Rencontre avec Denis Cardonne

« Mon prochain défi : la traversée de l’Atlantique en pirogue ». Propos recueillis par Charlène Catalifaud.

Denis Cardonne, 41 ans, est un sportif de l’extrême, qui a su allier avec brio ses trois passions :

Le sport, la nature et les voyages. Entre mer et haut sommet, il est sans cesse à la recherche de nouveaux défis et a parcouru plus de 80 pays. Sa devise : anima sana in corpore sano.

Cardio & Sport : Comment en êtes-vous arrivé à réaliser de tels défis ?
Denis Cardonne : J’ai été triathlète à haut niveau et rameur professionnel, mais je ne me retrouvais pas vraiment dans ce milieu sportif très structuré. J’ai baigné dans un milieu familial “sport nature”, entouré de moniteurs de ski et de voile, de guides de montagne... J’ai toujours aimé évoluer dans la nature et les grands espaces. En parallèle de ma carrière de sportif de haut niveau, j’imaginais donc déjà les défis de l’extrême que je souhaitais accomplir, motivé par l’envie de réaliser des exploits jamais faits auparavant. C’est au cours de voyages en Nouvelle-Zélande et en Australie, en observant les sauveteurs utiliser les planches, que j’ai eu l’idée de faire de longues distances de cette manière. Et c’est ainsi que j’ai établi le record du monde des 32 milles en paddle à mains nues, de Collioure à Cadaquès, en 5 h 52. Mon oncle avait un club de voile et lorsque j’étais petit, j’avais longé toute la côte à plat ventre sur une planche, sans imaginer que j’allais refaire cela quelques années plus tard ! J’ai ensuite imaginé le faire dans différentes positions, sur des distances de plus en plus grandes... Bien sûr, cela nécessite une certaine logistique et je n’ai pas réussi du premier coup, je suis notamment très dépendant des conditions météorologiques.

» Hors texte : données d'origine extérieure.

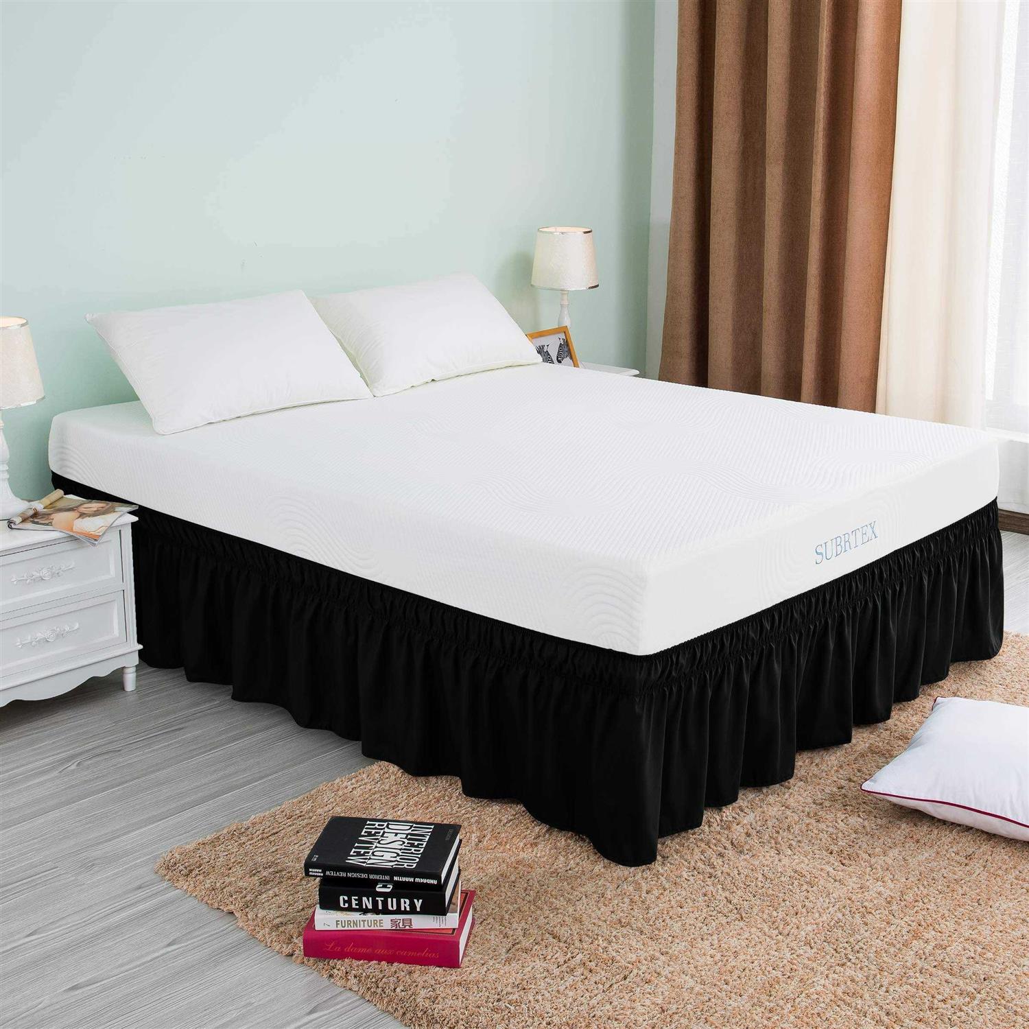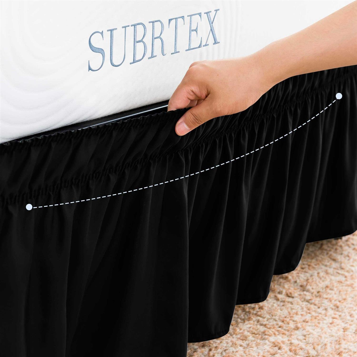 Subrtex Bed Skirt Easy Fit with 16 inch Long Tailored Drop, Elastic Elegant Silky Smooth Soft Microfiber Wrinkle and Fade Resistant Replaceable Wrap

Cardio & Sport : Vous avez ensuite établi deux nouveaux records du monde.
D. C. : Effectivement, j’ai établi en 2011 le record du monde des 100 milles en paddle. Là, j’avais terminé à genoux et à Propos recueillis par Charlène Catalifaud plat ventre en 31 heures. J’avais initialement prévu de le faire en 24 heures, mais les conditions météorologiques étaient difficiles et j’ai été blessé. Pour l’anecdote, j’ai également eu, au bout de la 29e heure, une sorte de bouffée délirante, je n’étais pas cohérent dans ce que je faisais et je ne reconnaissais plus l’équipe médicale qui m’accompagnait. Heureusement, cela n’a pas duré longtemps, mais cela arrive quand on atteint un niveau de fatigue extrême. Le troisième record que j’ai accompli, c’est la traversée de la Méditerranée en pirogue, avec assistance cette fois, car j’avais une pirogue submersible.

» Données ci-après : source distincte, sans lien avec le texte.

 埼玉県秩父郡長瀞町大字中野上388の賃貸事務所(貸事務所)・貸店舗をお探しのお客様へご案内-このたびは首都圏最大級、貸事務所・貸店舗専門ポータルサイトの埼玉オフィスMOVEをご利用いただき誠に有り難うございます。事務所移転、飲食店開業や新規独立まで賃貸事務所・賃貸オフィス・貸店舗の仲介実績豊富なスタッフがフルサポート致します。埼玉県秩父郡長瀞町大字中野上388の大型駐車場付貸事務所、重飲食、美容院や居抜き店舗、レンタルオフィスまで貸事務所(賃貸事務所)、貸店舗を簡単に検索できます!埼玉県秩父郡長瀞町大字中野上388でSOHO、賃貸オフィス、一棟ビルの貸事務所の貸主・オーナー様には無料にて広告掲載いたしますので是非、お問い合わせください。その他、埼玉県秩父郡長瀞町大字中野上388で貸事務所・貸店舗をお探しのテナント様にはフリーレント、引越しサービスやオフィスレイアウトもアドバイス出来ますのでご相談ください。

Cardio & Sport : Quel est votre prochain défi ?
D. C. :
C’est la traversée de l’Atlantique en pirogue, des Canaries à la Guadeloupe, probablement fin 2017-début 2018. Cette fois, ce sera vraiment en autonomie totale, car j’aurai une embarcation insubmersible. Il y a à peu près 500 personnes qui traversent l’Atlantique, le Pacifique, ou l’océan Indien à la rame, dans tous les sens, mais ils le font dans de grosses embarcations, en naviguant entre deux et trois noeuds, en 80 jours souvent. Moi ce que je veux faire, c’est une double tentative, en pirogue, ce qui est une première mondiale, et en moins de 42 jours.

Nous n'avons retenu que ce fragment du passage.